Critics are unanimous: Assassin’s Creed 4: Black Flag, first released in 2013, is a great game, one of the very best in Ubisoft’s massively popular series. And most of them are happy to have it back in a new remake, Assassin’s Creed Black Flag Resynced. But they’re divided on the quality of the remake, and increasingly questioning why release schedules are dominated by so many remakes in the first place.
Despite this angst, the quality of the original game’s pirate-adventure experience shines through in aggregate review ratings. Metacritic pegs the game at a very solid 84, while OpenCritic has it at an almost-great 87. In summary: good.

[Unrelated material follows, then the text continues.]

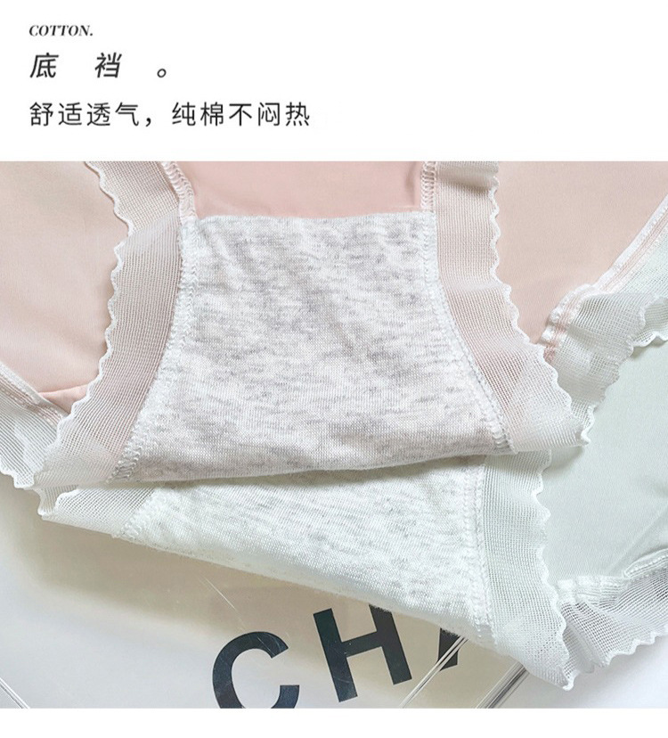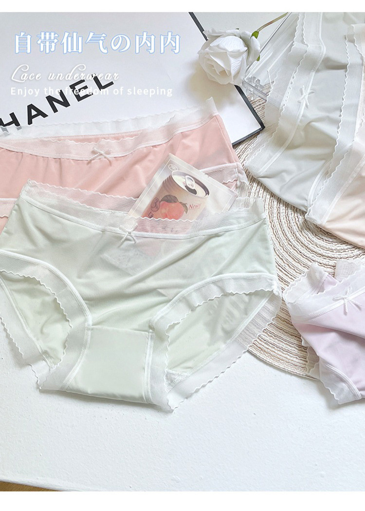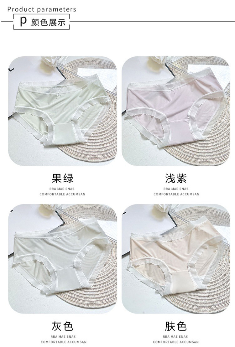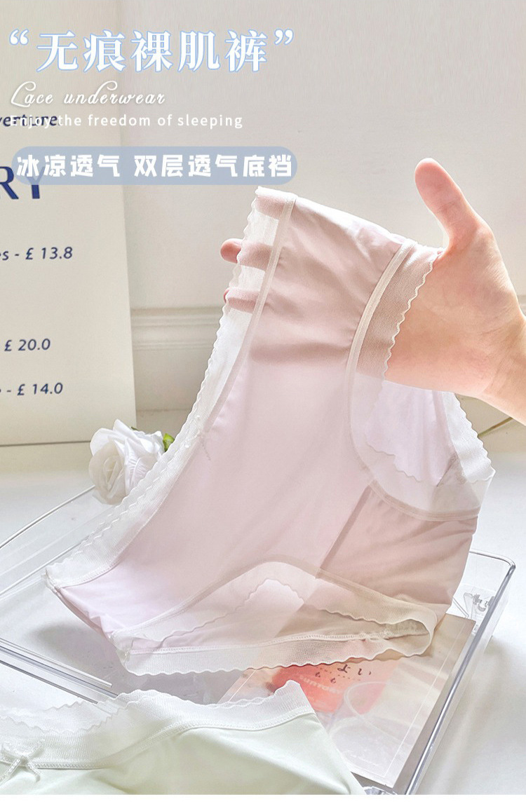 아이스 실크 tracless 속옷 여성의 여름 얇은 통기성 중간 허리 순수 코튼 Crotch 섹시한 레이스 인터넷 인기 여자 브리프스토어 가기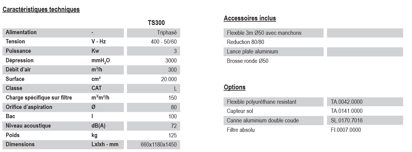 Cet aspirateur peut être utilisé en poste fixe ou mobile ou également raccordé à un réseau d’aspiration.

For some, Resynced‘s visual and other improvements only make a classic game better. In a five-star review, Dexerto’s Jessica Filby calls it “a remake so perfect that it somehow makes one of the best Assassin’s Creed games even better” and “how all remakes should be done and arguably the most essential since Final Fantasy 7.” Filby hails the new side quests, Officers, endgame, and the refined combat as improvements, only bemoaning the omission of the original’s sequence challenges.
Not everyone agrees. For Gamespot’s Jordan Ramée, Resynced is “a bad remake of peak Assassin’s Creed.” In a 7/10 review, Ramée says that “for every positive change that Resynced makes to Black Flag, it stumbles into creating a new problem.” Ramée feels the way Resynced completely discards Black Flag‘s modern-day framing device and replaces it with another, optional, hidden side-story detracts from the story and wastes the potential it does have. Resynced “does a lot of cool stuff, but it also doesn’t use that cool stuff very effectively,” Ramée writes. “It’s so bewildering to play this game and see moments of brilliance continuously mishandled.”
PC Gamer’s Morgan Park also thinks Resynced goes too far in its revisions. “A cleaned-up remaster might have been better than what Ubisoft has done here,” Park writes in a 75% review, saying that “fundamental changes to combat, stealth, and encounter design reveal that this is essentially Black Flag stuffed inside Assassin’s Creed Shadows.” For Park, this approach “takes away more than it adds.”
Beneath these questions of faithfulness to the original, there’s a general sense of growing unease about the game industry’s reliance on nostalgic remakes of past hits. Polygon’s own Josh Broadwell is less moved either way by Resynced‘s changes, finding it to be a mostly surface-level remake whose main virtue is its “absolutely gorgeous” visual makeover. “I couldn’t escape a feeling of cabin fever, though,” Broadwell writes. “This old ship might not be dead in the water, but it isn’t going anywhere, either.”
This remake fatigue is most clearly articulated by Kotaku’s Zack Zwiezen. Zwiezen likes most of Resynced‘s changes, but “can’t help but feel sad that the big new Assassin’s Creed is a remake of an Xbox 360-era game.” Zwiezen expresses an existential worry “about what that means, not just for Ubisoft, but for the video game industry as a whole.”
“Is Black Flag Resynced good? Yes, very good,” Zwiezen concludes. “Does it indicate a good future for Ubisoft or the video game industry? No.”